In senior year of high school, I thought of myself as a real leader. I was a head of a couple of commissions/clubs and felt like a real contributor to many others. I knew almost everyone in my school and even if I didn’t know them, their faces always seemed familiar and I was confident that they knew me. Now, I am back to square one. I feel exactly how I did four years ago. I’m a little “freshie” in such a large community. Even if I try to get involved I would never be the same contributor I once was. The only difference between now and four years ago is that I am now titled as an “honors student.”

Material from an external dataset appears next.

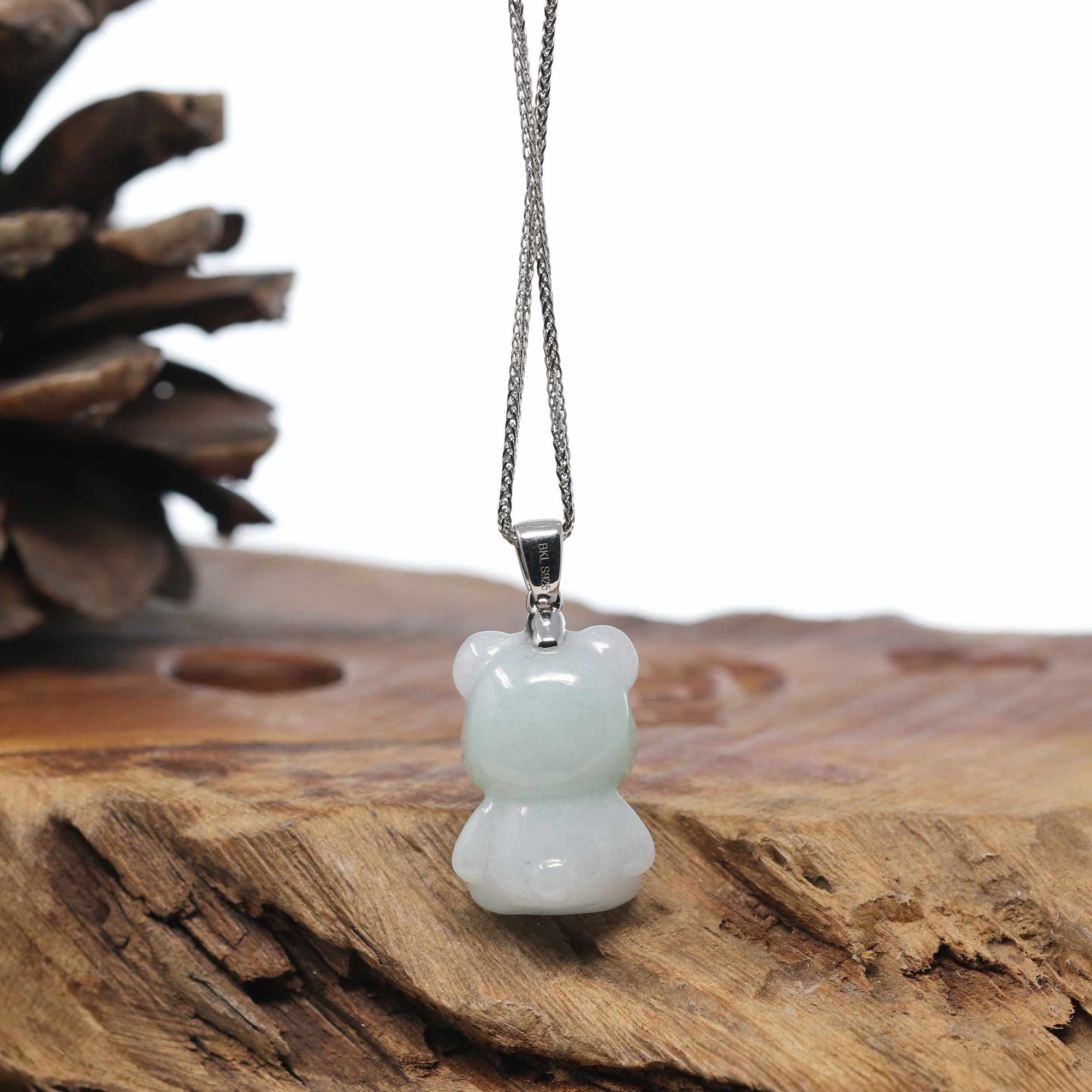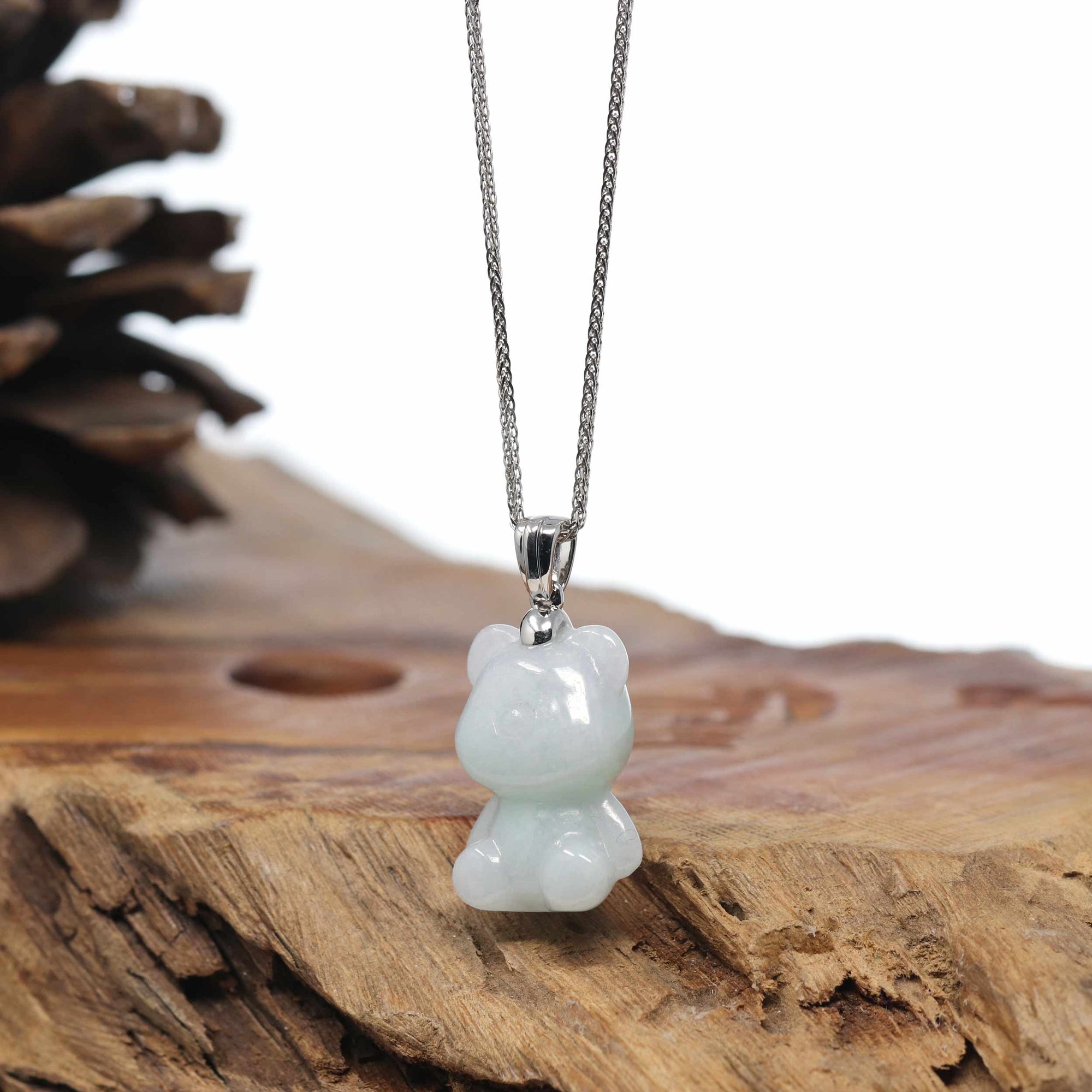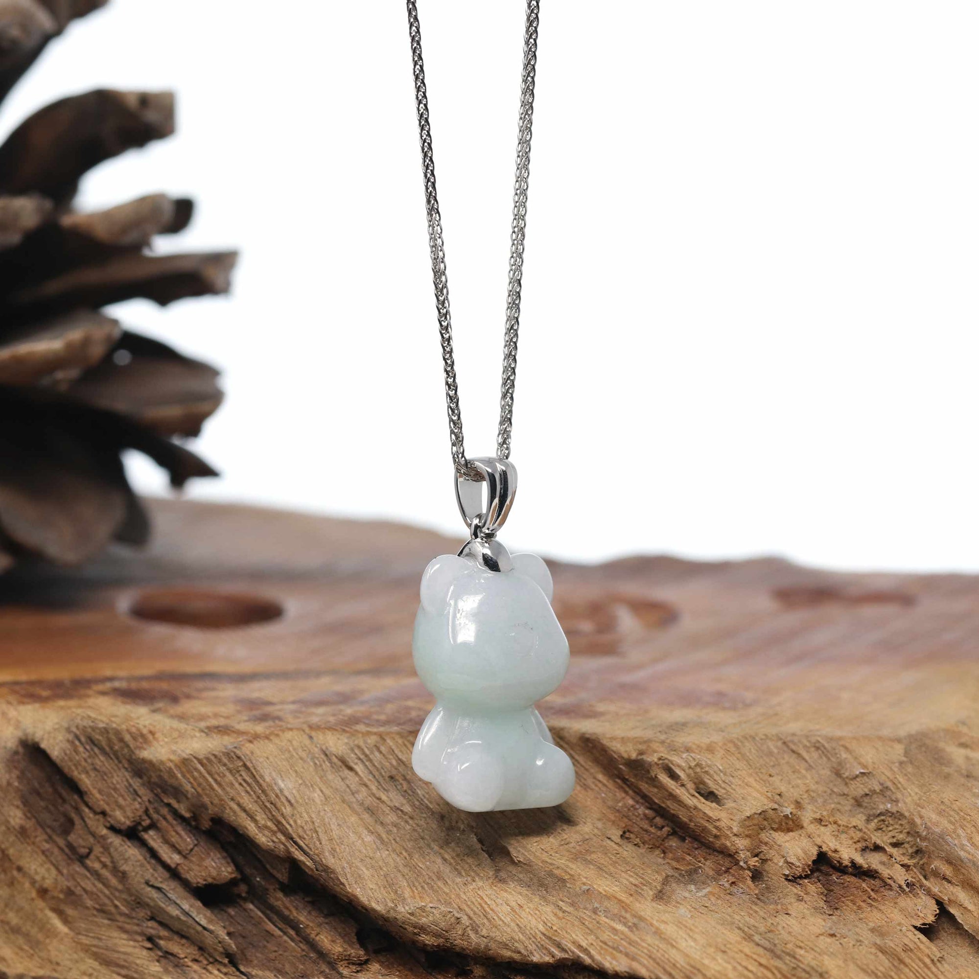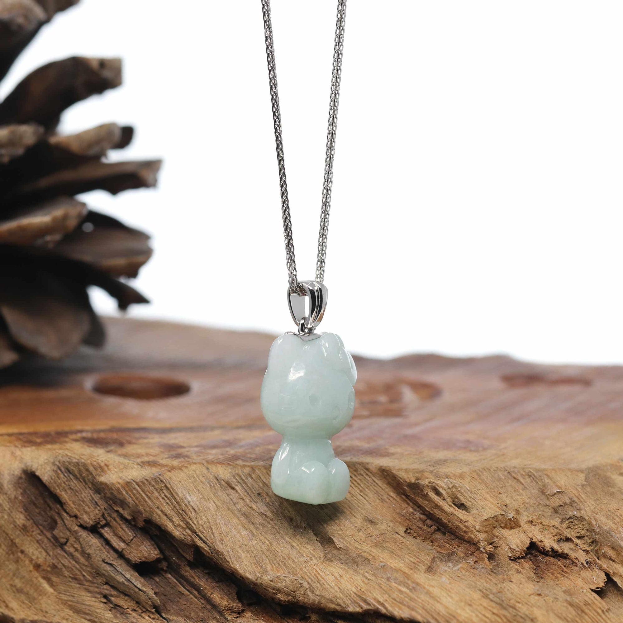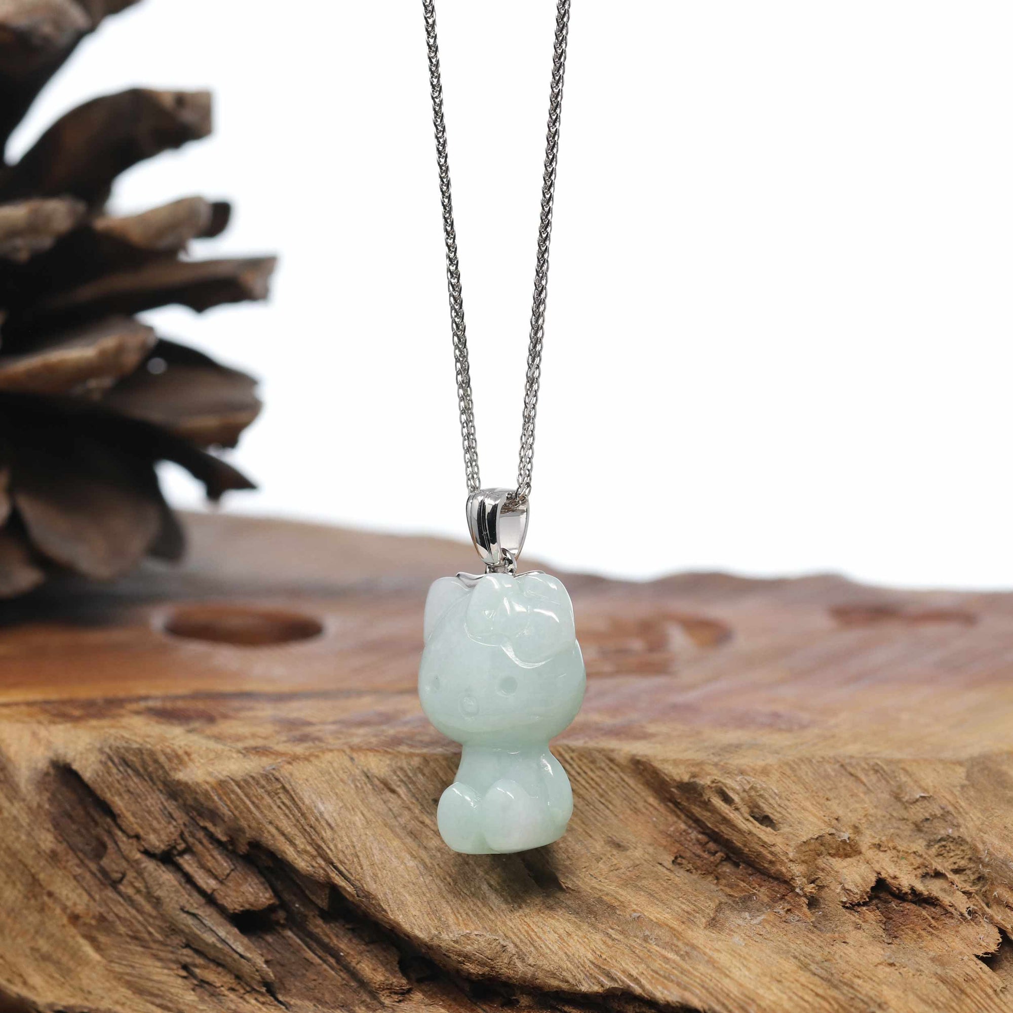 Baikalla "Lucky Kitten" White Jadeite Jade Pendant Necklace With Silver Bail

When I hear the phrase “Baruch Honors” I immediately translate this to mean “Baruch Leader.” I feel as if I am responsible to be a representative of the top Baruch has to offer this world. I am aware that this title is a great honor but I also know that it comes with a price of great pressures. As an honors student, I am always expected to outperform the average Baruch student and will always be looked up to as the honors kid. If I don’t live up to these expectations I feel like I am letting down my high school for not being able to do much with the great education that they handed to me on a silver platter. I also would feel like I let down the Baruch admissions office by showing them that it was a mistake to give me this honor. Because of these reasons, I am determined to prove that they did not make a mistake and that I can truly become a Baruch Honors student.
Aww Daniel. I know exactly how you feel. The pressure is nerve racking. But don’t worry, you will always have the Baruch Scholar family to lean back on. We need to all thrive together. I believe even thought right now it might not seem that one day we’ll make a HUGE impact on the Baruch Community I have hope that we will. We’re all “freshie’s” as you say but we will beat the odds. Trust.